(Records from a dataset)

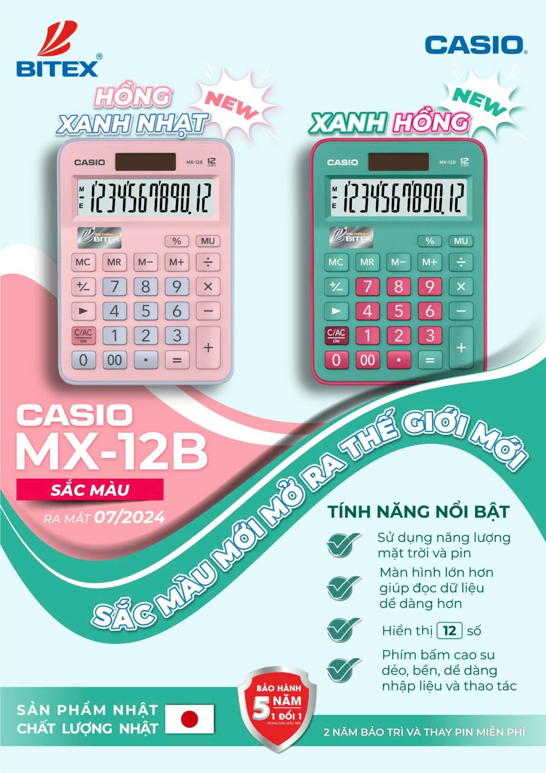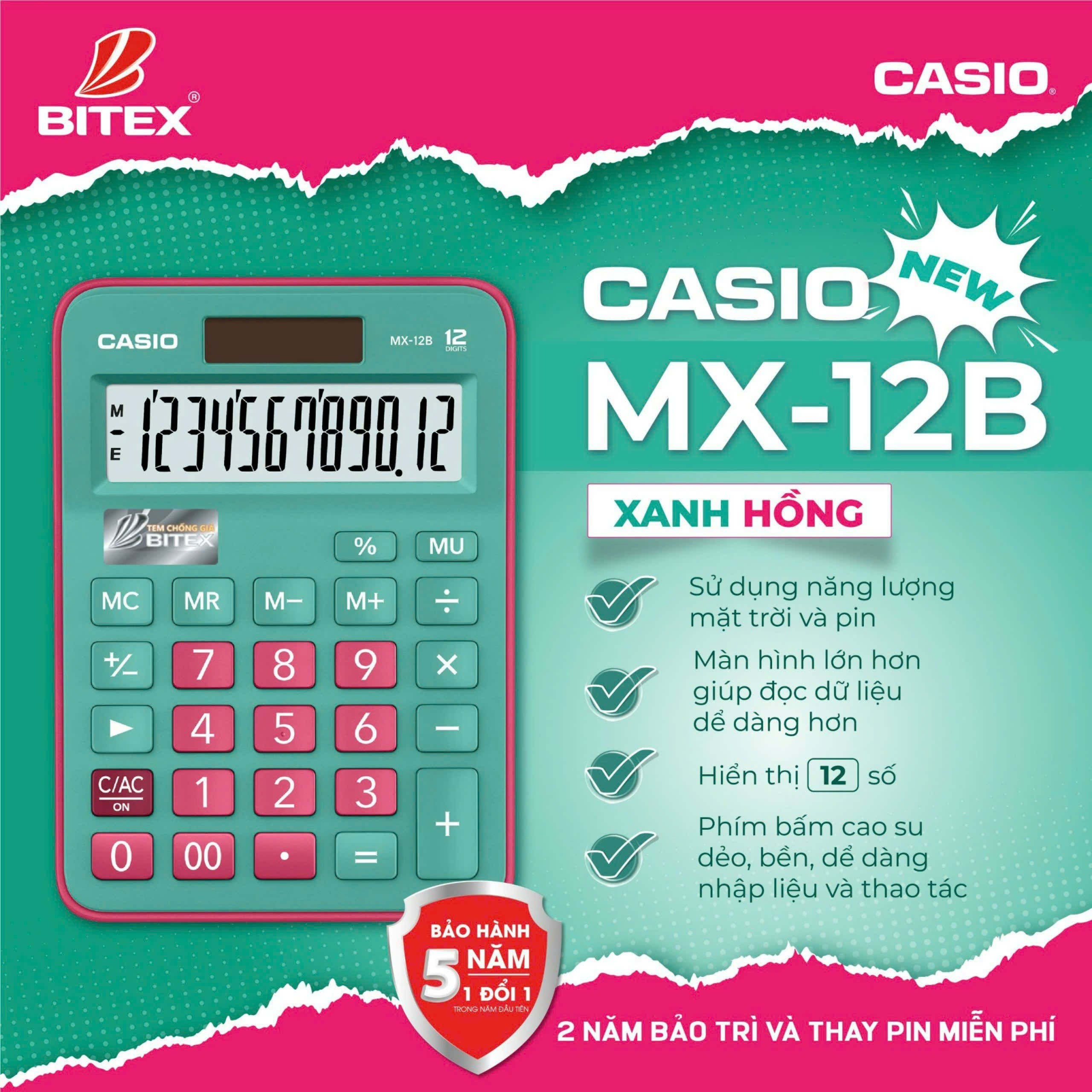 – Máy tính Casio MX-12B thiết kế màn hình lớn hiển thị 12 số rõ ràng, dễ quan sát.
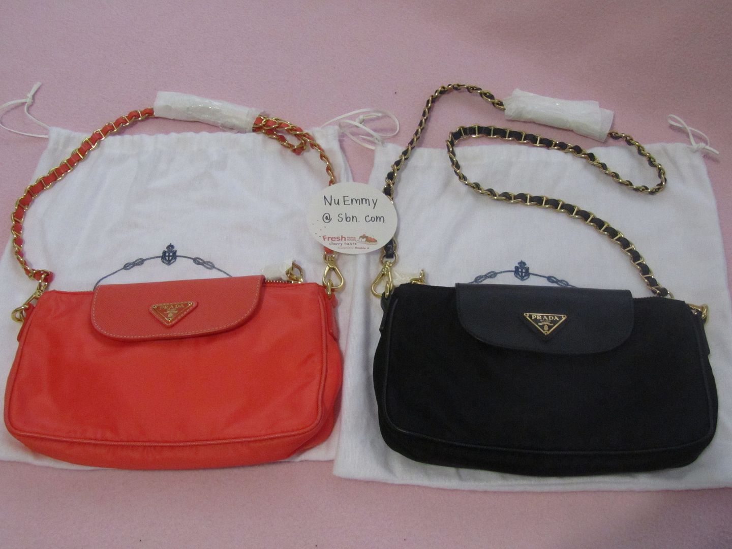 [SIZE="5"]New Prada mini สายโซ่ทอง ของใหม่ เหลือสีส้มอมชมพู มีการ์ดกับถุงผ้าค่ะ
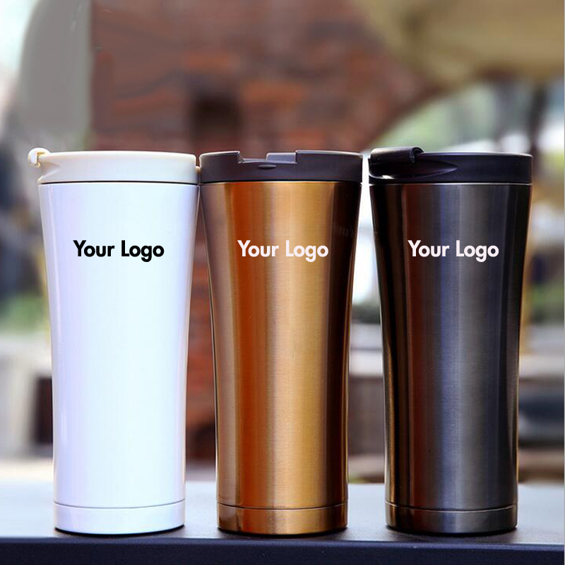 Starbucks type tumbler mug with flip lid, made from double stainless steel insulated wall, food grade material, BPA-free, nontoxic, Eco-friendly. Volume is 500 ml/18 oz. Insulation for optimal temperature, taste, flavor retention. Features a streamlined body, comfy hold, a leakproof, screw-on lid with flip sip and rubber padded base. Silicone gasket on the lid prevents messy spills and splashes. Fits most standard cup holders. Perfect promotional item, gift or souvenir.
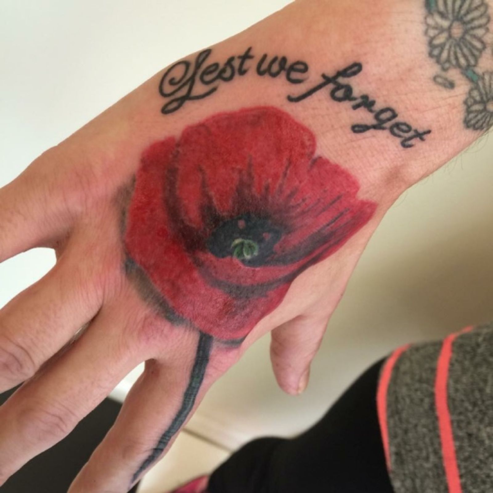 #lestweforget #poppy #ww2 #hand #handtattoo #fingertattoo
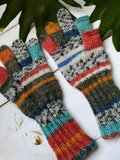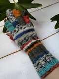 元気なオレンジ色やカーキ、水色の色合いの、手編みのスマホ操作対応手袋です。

▸ Your instructions
Starting with the line that contains "ของใหม่ เหลือสีส้มอมชมพู มีการ์ดกับถุงผ้าค่ะ", print every remaining line of the records above, exactly as it stands. Do not print the pictures.

▸ Task output
 [SIZE="5"]New Prada mini สายโซ่ทอง ของใหม่ เหลือสีส้มอมชมพู มีการ์ดกับถุงผ้าค่ะ
 Starbucks type tumbler mug with flip lid, made from double stainless steel insulated wall, food grade material, BPA-free, nontoxic, Eco-friendly. Volume is 500 ml/18 oz. Insulation for optimal temperature, taste, flavor retention. Features a streamlined body, comfy hold, a leakproof, screw-on lid with flip sip and rubber padded base. Silicone gasket on the lid prevents messy spills and splashes. Fits most standard cup holders. Perfect promotional item, gift or souvenir.
 #lestweforget #poppy #ww2 #hand #handtattoo #fingertattoo
 元気なオレンジ色やカーキ、水色の色合いの、手編みのスマホ操作対応手袋です。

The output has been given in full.